#### WHAT IS EXPECTED
Below are the entries. Print only the lines starting at the one with "各位考研的准研一同学你们好!" and ending at the one with "EUNOVA® Schulhelden Gummies", exactly, with no pictures.
** EXERCISE DATA follows **
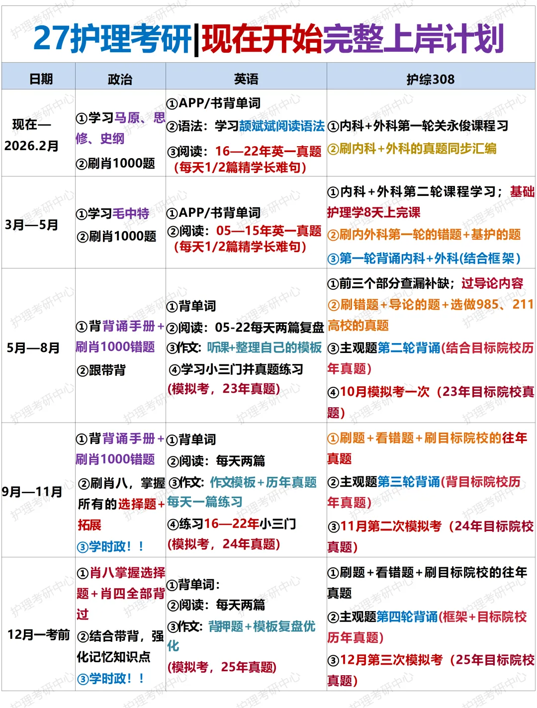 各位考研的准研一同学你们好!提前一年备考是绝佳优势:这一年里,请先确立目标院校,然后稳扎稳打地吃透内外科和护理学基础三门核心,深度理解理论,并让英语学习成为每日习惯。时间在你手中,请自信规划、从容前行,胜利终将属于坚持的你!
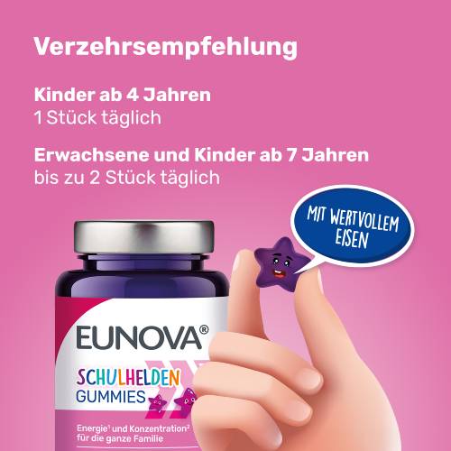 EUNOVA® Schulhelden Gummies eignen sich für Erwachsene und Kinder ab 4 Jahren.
** End of EXERCISE DATA **
** EXERCISE DATA follows **
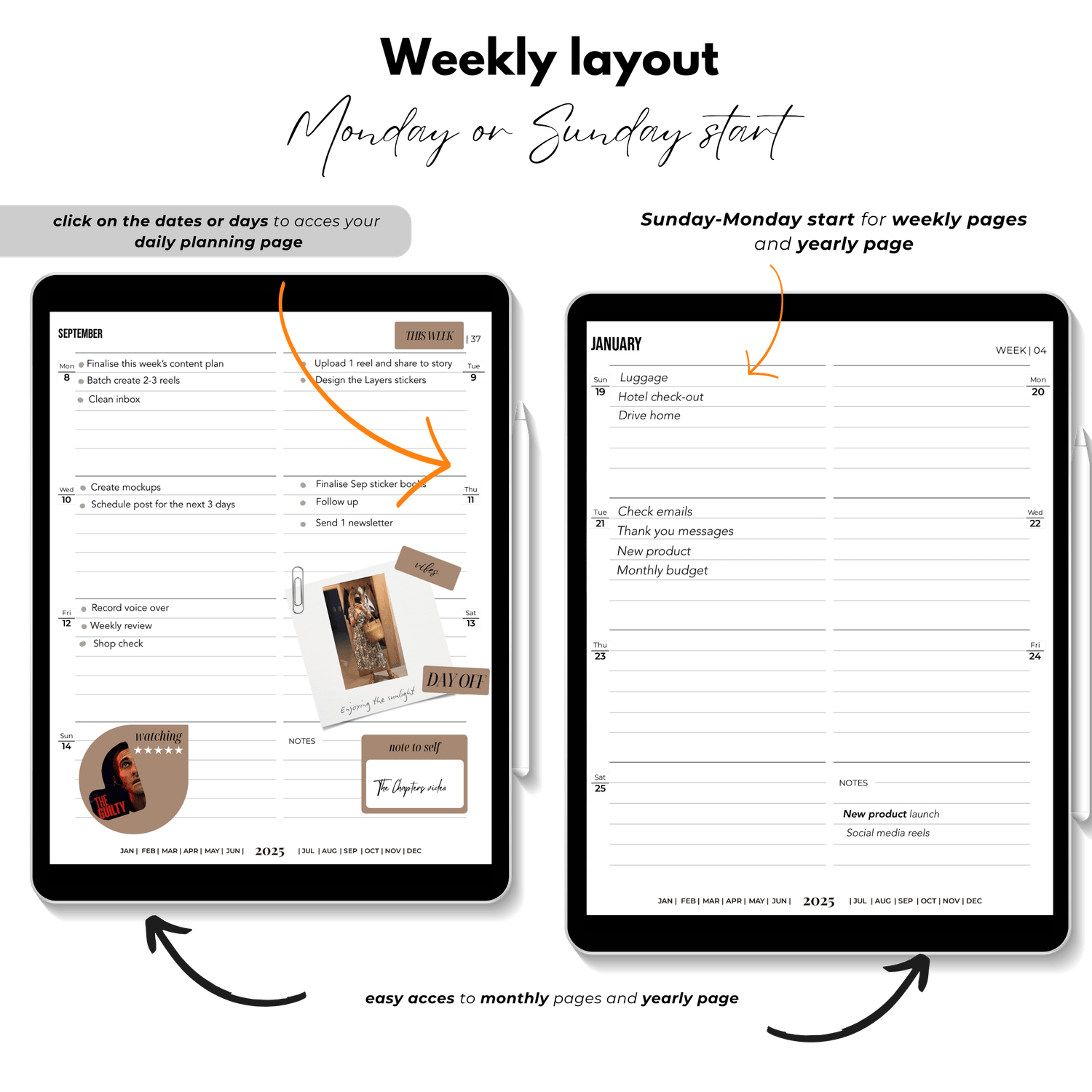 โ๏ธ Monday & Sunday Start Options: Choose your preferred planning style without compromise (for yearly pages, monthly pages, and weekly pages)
** End of EXERCISE DATA **
#### SOLUTION TO THIS PROBLEM
 各位考研的准研一同学你们好!提前一年备考是绝佳优势:这一年里,请先确立目标院校,然后稳扎稳打地吃透内外科和护理学基础三门核心,深度理解理论,并让英语学习成为每日习惯。时间在你手中,请自信规划、从容前行,胜利终将属于坚持的你!
 EUNOVA® Schulhelden Gummies eignen sich für Erwachsene und Kinder ab 4 Jahren.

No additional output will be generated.